Kirchner buscará así detectar cuáles son los movimientos sociales y de piqueteros que todavía le profesan lealtad. Las primeras fugas de esa tropa llegaron por el lado de Barrios de Pie, de Jorge Ceballos, y Libres del Sur, de Cecilia Merchán, colectivos sociales que se alejaron del Gobierno nacional cuando el ex presidente se sumergió en la estructura del PJ.
El acto del 26 podría realizarse en La Plata o en algún estadio cerrado de La Matanza, y estará prohibido para los intendentes del PJ que, según el kirchnerismo, traicionaron al ex presidente jugando a dos puntas con la boleta de Unión-PRO de De Narváez. Además del Frente Transversal de Depetri, quien no logró renovar su banca en la Cámara de Diputados, y el Movimiento Evita de Pérsico, está confirmada la presencia de la Federación Tierra y Vivienda de Luis D'Elía. El dirigente piquetero publicó el fin de semana una carta crítica sobre el rol de Kirchner al frente del Partido Justicialista y le pidió que vuelva a encabezar un armado «movimientista, peronista y no pejotista».

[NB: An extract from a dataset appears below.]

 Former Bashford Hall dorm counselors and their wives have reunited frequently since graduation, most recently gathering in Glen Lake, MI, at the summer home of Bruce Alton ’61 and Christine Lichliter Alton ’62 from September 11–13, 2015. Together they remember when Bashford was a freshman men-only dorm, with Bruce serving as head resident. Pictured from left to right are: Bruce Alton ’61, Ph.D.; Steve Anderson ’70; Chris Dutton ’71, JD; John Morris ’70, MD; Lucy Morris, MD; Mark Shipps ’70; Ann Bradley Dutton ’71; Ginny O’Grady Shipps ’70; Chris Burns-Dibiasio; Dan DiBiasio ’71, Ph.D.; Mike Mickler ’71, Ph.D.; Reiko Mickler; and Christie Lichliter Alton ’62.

El objetivo de mínima de Kirchner es reunir al menos tres mil militantes de la provincia de Buenos Aires y comenzar a quebrar por abajo, captando a los punteros y militantes territoriales, la estructura de poder de los intendentes del conurbano. Desde su debacle electoral, Kirchner sólo se mostró en público el fin de semana pasado durante un acto de Carta Abierta, un puñado de intelectuales que oxigena al kirchnerismo con argumentos de sociología setentista. Allí el esposo de Cristina de Kirchner volvió a cargar contra Mauricio Macri, De Narváez y agregó en su lista de adversarios directos a Carlos Reutemann, uno de los principales herederos del peronismo poskirchnerista.
Independencia
Desde la quinta de Olivos, el plan de Kirchner es construir un kirchnerismo «puro», sin depender de los aparatos políticos tradicionales para dotar a su liderazgo de un «sujeto social» propio que responda directamente a su figura, una especie de fuerza de choque popular similar a las brigadas bolivarianas de Hugo Chávez en Venezuela. «Puro», claro, respecto del Kirchner que se quiere mostrar, pero no del Kirchner que en realidad es.
Uno de los pocos intendentes de la provincia de Buenos Aires que todavía tributan a la figura de Kirchner es el jefe comunal de José C. Paz, Mario Ishii, quien la semana pasada afirmó que iba a hablar «cara a cara» con «los traidores» del PJ bonaerense luego de la derrota del oficialismo en los comicios del domingo 28 de junio.
«Han traicionado al peronismo, jugaron a dos puntas y no fueron leales. Estos mismos intendentes que se dieron vuelta hacían cola para pedir a Néstor Kirchner un lugar en las listas», enfatizó Ishii.